Atlas provides two layers of rate limiting: per-user request limits (RPM) and per-datasource query limits (QPM + concurrency). This guide covers how to configure both, handle 429 responses, and implement retry logic in your client code.
Prerequisites
- Atlas server running (
bun run dev) - An authenticated client or API key recommended for testing (unauthenticated requests are rate-limited per IP)
- For per-datasource limits: an
atlas.config.tsconfiguration file
Server Configuration (Operators)
Per-User Rate Limiting
Control how many requests each user can make per minute.

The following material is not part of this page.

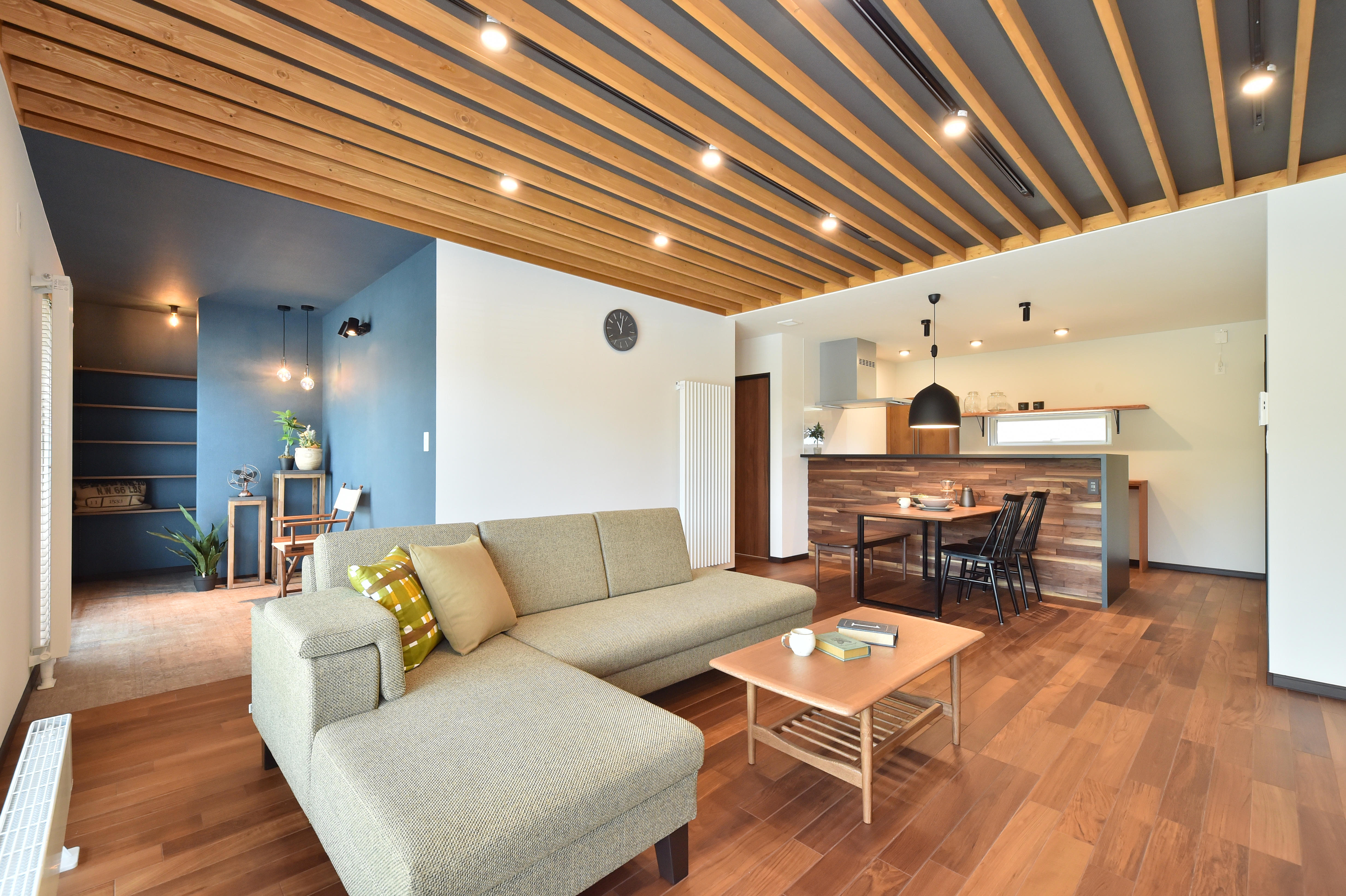 デニム生地の様なテクスチャーがオシャレで、落着いた空間のサンルーム。リビングの一角に設けているので、こちらも南西側の公園に面しています。ここで読書やお昼寝していたいですよ、私は。リビングの一部の天井はルーバー天井にして、深みを出しています。大きくとった明るいテラス窓とのコントラストがとっても美しいです。立地条件などもすごいんです。(過去のスタッフブログより一部参照)
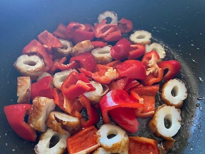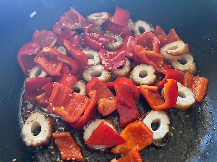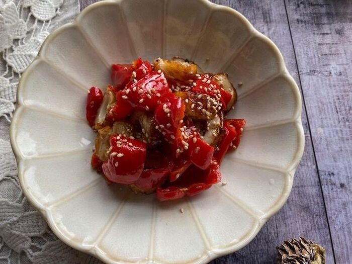 ★緑ピーマンでもおいしくできますが色落ちしてしまうので

This is a sliding-window counter that tracks requests per authenticated user (or per IP for anonymous users).
| Variable | Default | Description |
|---|---|---|
ATLAS_RATE_LIMIT_RPM | 0 (disabled) | Max requests per minute per user. 0 or unset = unlimited |
ATLAS_TRUST_PROXY | false | Trust X-Forwarded-For / X-Real-IP headers for client IP detection |
# Enable rate limiting at 30 requests per minute per user
ATLAS_RATE_LIMIT_RPM=30
# Required when behind a reverse proxy (Railway, Vercel, nginx, etc.)
ATLAS_TRUST_PROXY=trueRate limit keys are resolved in order: authenticated user ID, then forwarded IP (if ATLAS_TRUST_PROXY=true), then a shared anon bucket. Without ATLAS_TRUST_PROXY, all proxied users share the same key.
Rate limiting is disabled by default. When enabled, it covers the primary API routes: /api/chat, /api/v1/query, /api/v1/conversations, /api/v1/admin/*, /api/v1/semantic/*, /api/v1/scheduled-tasks, and /api/v1/actions. Health, auth, widget, and OpenAPI spec endpoints are exempt.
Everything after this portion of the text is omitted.